Problem: From the records below, output exactly the lines starting at the line with "എഎസ്ഐ ഉമേശൻ ഓടിയെത്തിയപ്പോഴേക്കും" and ending at the line with "10 59....X5628....BOBBY ADANO..Eager", both of them included, but no pictures.
** Records supplied follows **
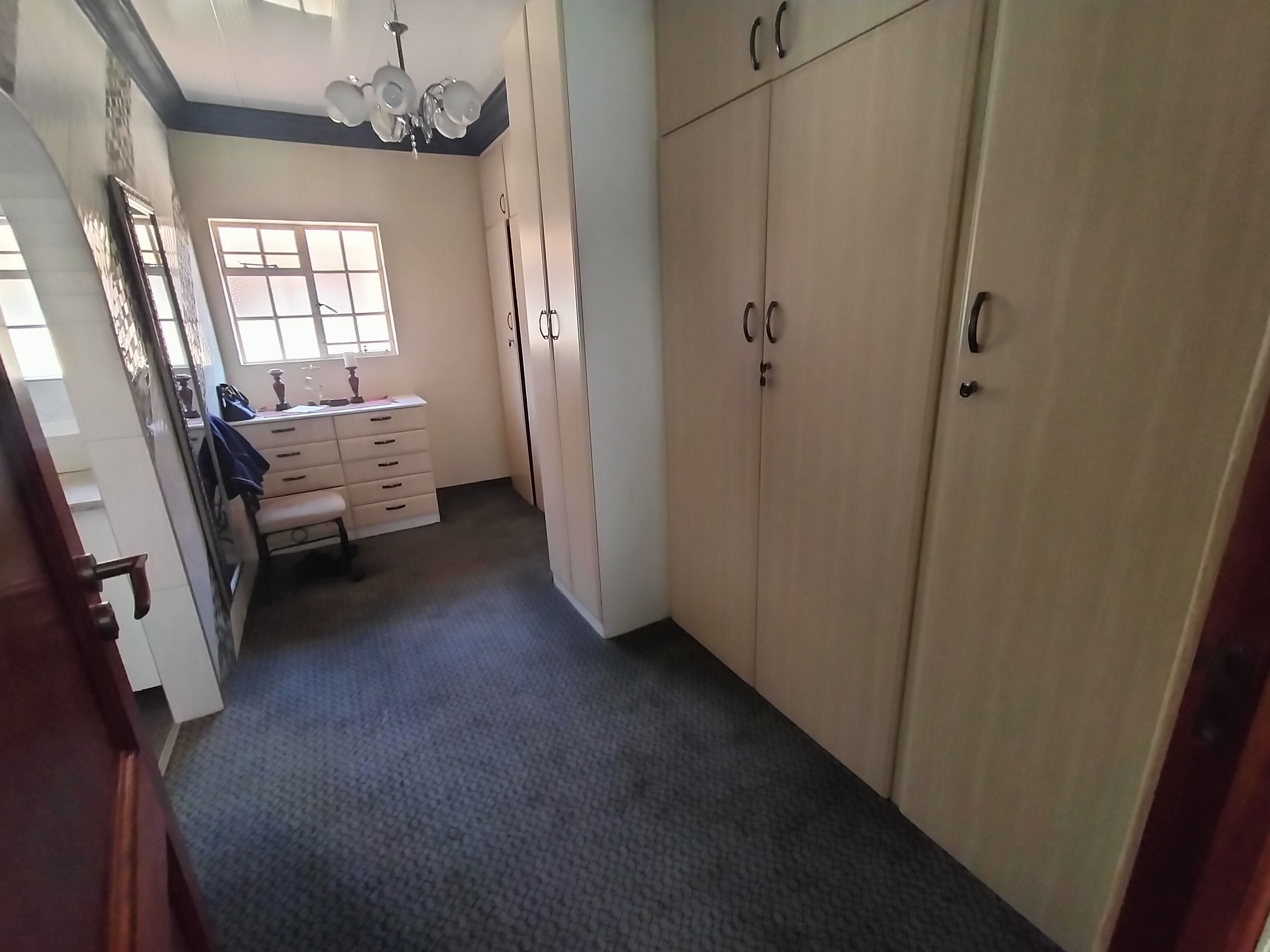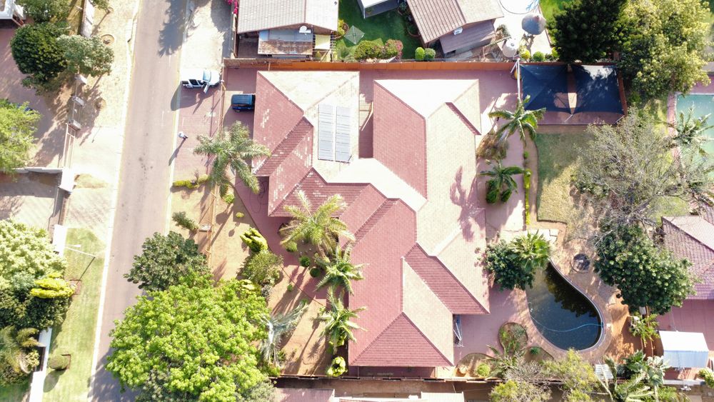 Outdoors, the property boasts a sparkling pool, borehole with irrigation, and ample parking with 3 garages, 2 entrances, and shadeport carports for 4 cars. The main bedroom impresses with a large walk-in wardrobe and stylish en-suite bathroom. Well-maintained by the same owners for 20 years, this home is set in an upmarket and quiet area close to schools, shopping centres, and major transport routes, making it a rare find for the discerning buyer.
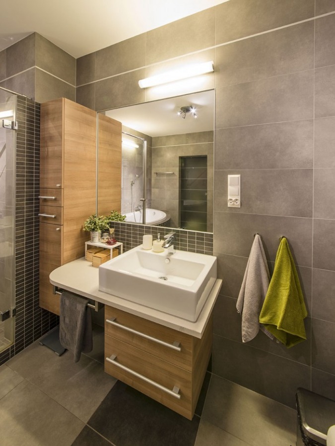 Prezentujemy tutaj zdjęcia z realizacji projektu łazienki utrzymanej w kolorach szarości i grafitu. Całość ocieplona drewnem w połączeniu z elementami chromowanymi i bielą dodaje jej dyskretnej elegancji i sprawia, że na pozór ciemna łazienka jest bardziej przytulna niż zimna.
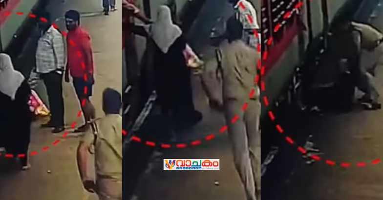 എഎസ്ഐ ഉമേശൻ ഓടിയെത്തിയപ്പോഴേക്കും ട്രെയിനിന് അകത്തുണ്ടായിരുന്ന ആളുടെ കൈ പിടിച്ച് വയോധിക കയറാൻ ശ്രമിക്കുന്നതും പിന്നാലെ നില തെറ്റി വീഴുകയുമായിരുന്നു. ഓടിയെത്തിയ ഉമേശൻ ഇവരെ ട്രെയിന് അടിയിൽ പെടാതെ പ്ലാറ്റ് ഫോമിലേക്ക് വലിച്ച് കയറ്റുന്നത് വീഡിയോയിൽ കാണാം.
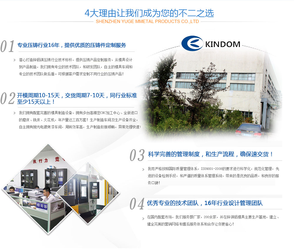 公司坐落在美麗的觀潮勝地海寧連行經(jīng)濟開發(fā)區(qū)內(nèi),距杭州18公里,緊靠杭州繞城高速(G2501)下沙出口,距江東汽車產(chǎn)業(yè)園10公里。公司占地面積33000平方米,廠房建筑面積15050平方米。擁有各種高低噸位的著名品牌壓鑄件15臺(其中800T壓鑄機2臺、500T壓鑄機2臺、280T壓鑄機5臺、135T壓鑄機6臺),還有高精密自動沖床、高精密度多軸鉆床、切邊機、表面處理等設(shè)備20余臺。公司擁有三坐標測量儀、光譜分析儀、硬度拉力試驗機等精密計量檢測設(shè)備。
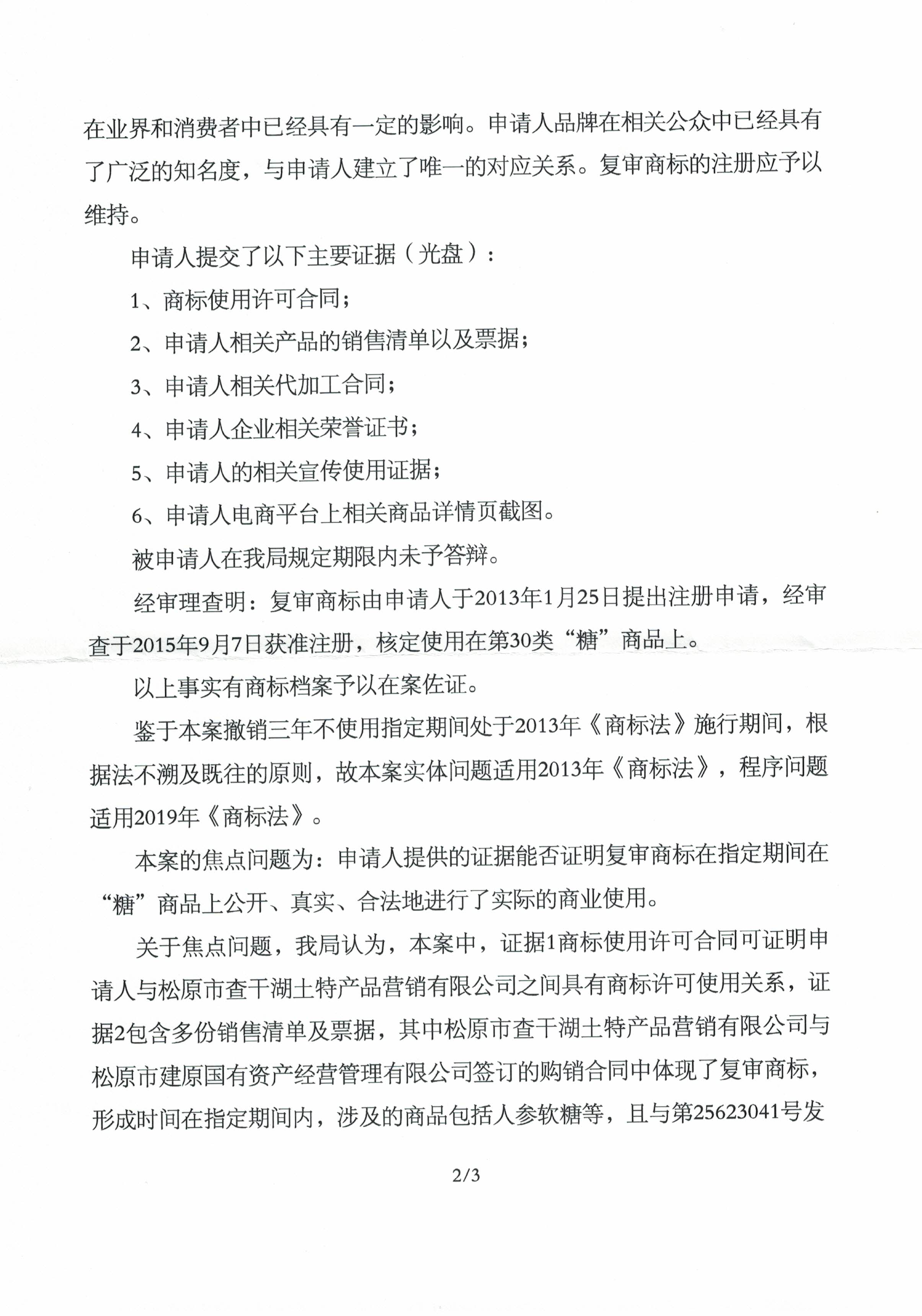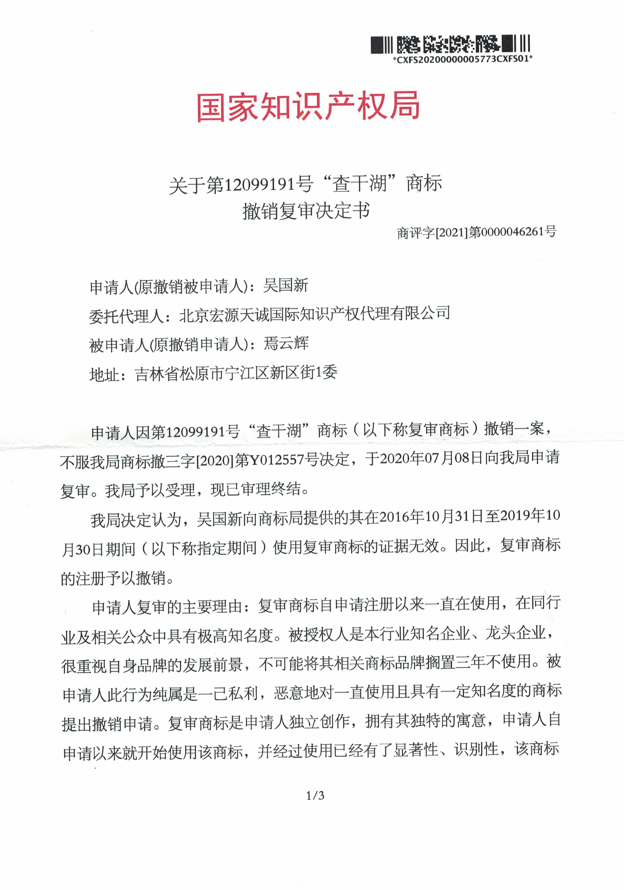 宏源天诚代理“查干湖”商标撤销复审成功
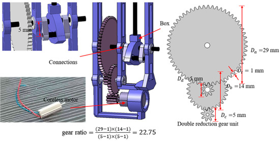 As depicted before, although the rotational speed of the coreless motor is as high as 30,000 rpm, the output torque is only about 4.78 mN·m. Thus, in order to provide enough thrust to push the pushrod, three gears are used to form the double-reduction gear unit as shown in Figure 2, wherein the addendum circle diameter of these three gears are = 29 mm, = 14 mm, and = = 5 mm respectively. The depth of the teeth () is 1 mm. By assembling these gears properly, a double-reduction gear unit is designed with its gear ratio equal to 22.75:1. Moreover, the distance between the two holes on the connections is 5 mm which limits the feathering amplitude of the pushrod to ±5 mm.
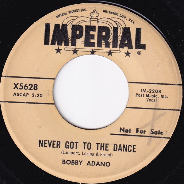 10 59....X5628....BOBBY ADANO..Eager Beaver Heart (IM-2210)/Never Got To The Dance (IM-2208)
** End of Records supplied **
** Records supplied follows **
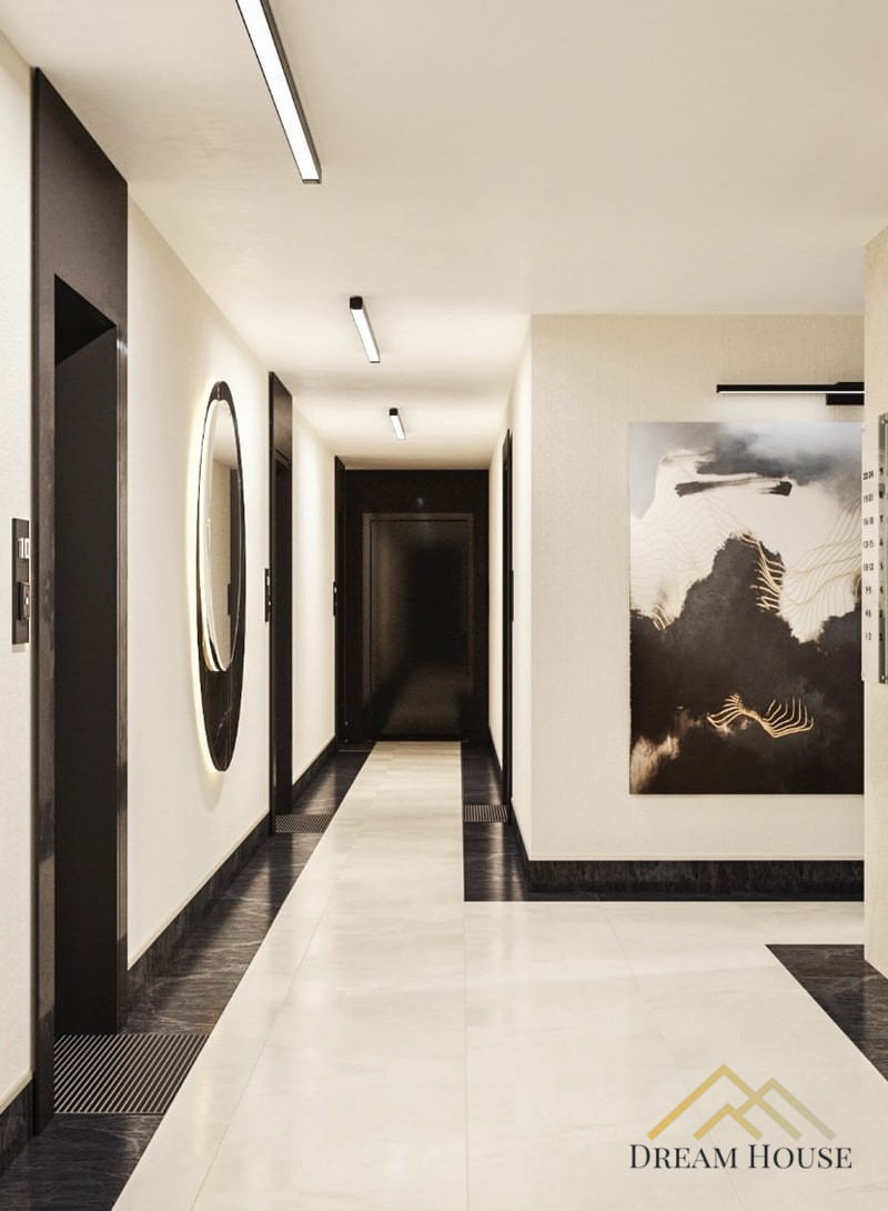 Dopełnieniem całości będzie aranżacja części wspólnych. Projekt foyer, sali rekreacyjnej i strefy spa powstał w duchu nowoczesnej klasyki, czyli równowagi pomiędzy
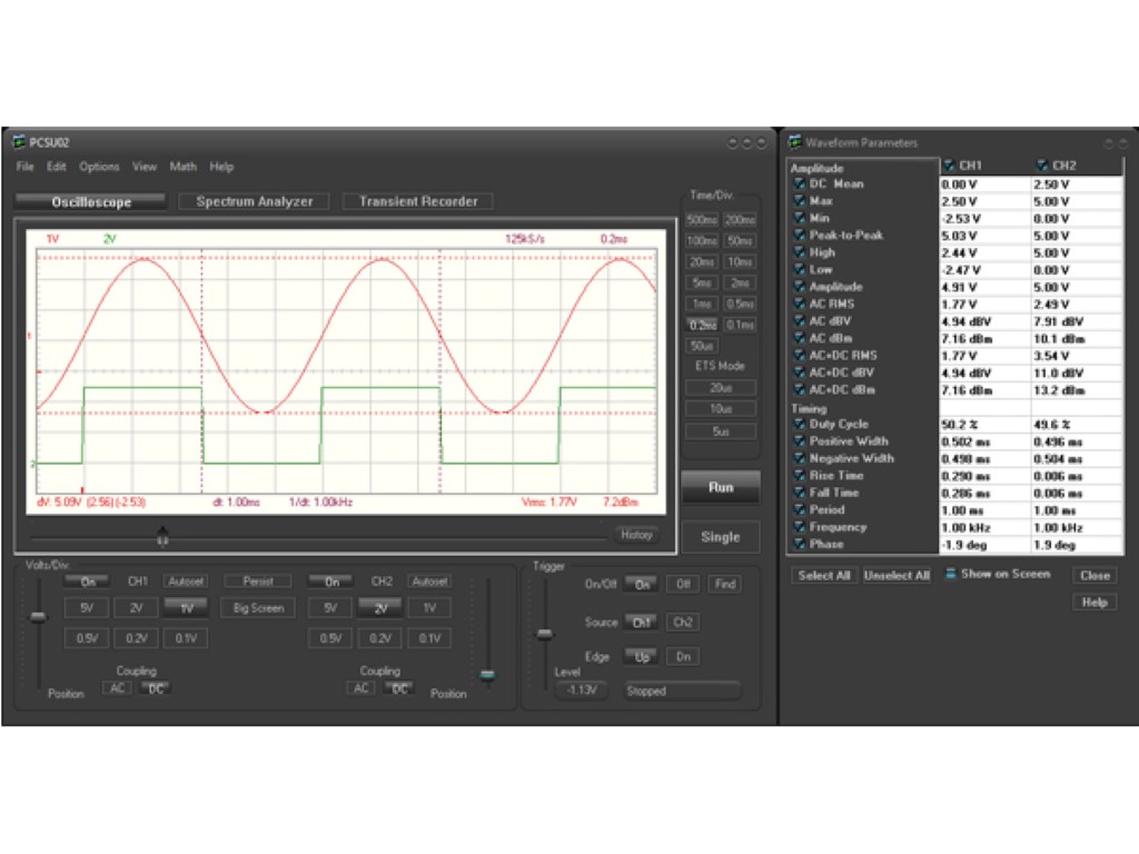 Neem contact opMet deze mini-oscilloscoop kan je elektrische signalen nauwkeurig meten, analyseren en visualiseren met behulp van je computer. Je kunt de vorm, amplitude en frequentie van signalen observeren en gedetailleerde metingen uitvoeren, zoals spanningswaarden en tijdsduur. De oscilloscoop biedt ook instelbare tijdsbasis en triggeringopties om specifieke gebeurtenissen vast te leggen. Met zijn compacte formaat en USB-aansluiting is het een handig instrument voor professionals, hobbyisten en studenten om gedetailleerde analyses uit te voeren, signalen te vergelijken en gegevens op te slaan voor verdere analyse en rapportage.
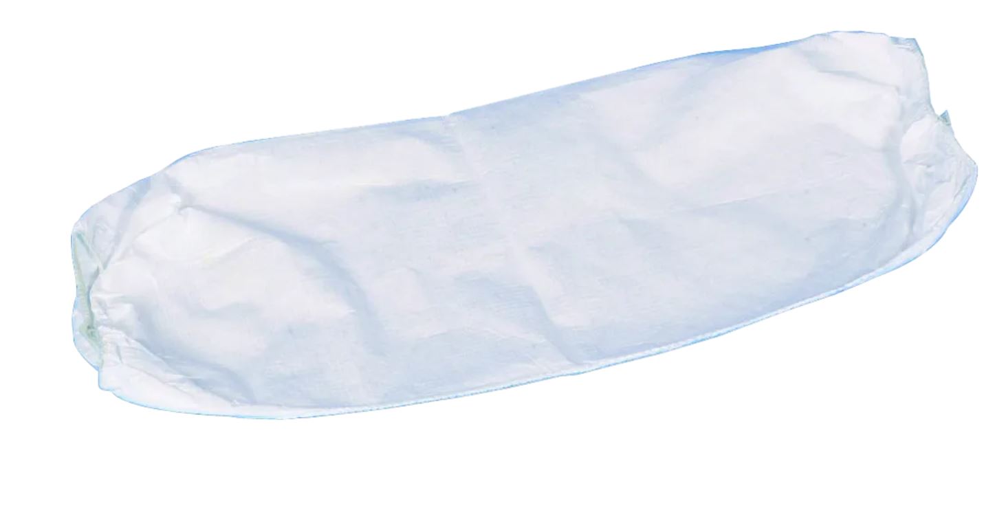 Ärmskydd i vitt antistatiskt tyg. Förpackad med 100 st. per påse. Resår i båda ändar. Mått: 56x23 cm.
** End of Records supplied **
Written reply:
 എഎസ്ഐ ഉമേശൻ ഓടിയെത്തിയപ്പോഴേക്കും ട്രെയിനിന് അകത്തുണ്ടായിരുന്ന ആളുടെ കൈ പിടിച്ച് വയോധിക കയറാൻ ശ്രമിക്കുന്നതും പിന്നാലെ നില തെറ്റി വീഴുകയുമായിരുന്നു. ഓടിയെത്തിയ ഉമേശൻ ഇവരെ ട്രെയിന് അടിയിൽ പെടാതെ പ്ലാറ്റ് ഫോമിലേക്ക് വലിച്ച് കയറ്റുന്നത് വീഡിയോയിൽ കാണാം.
 公司坐落在美麗的觀潮勝地海寧連行經(jīng)濟開發(fā)區(qū)內(nèi),距杭州18公里,緊靠杭州繞城高速(G2501)下沙出口,距江東汽車產(chǎn)業(yè)園10公里。公司占地面積33000平方米,廠房建筑面積15050平方米。擁有各種高低噸位的著名品牌壓鑄件15臺(其中800T壓鑄機2臺、500T壓鑄機2臺、280T壓鑄機5臺、135T壓鑄機6臺),還有高精密自動沖床、高精密度多軸鉆床、切邊機、表面處理等設(shè)備20余臺。公司擁有三坐標測量儀、光譜分析儀、硬度拉力試驗機等精密計量檢測設(shè)備。
 宏源天诚代理“查干湖”商标撤销复审成功
 As depicted before, although the rotational speed of the coreless motor is as high as 30,000 rpm, the output torque is only about 4.78 mN·m. Thus, in order to provide enough thrust to push the pushrod, three gears are used to form the double-reduction gear unit as shown in Figure 2, wherein the addendum circle diameter of these three gears are = 29 mm, = 14 mm, and = = 5 mm respectively. The depth of the teeth () is 1 mm. By assembling these gears properly, a double-reduction gear unit is designed with its gear ratio equal to 22.75:1. Moreover, the distance between the two holes on the connections is 5 mm which limits the feathering amplitude of the pushrod to ±5 mm.
 10 59....X5628....BOBBY ADANO..Eager Beaver Heart (IM-2210)/Never Got To The Dance (IM-2208)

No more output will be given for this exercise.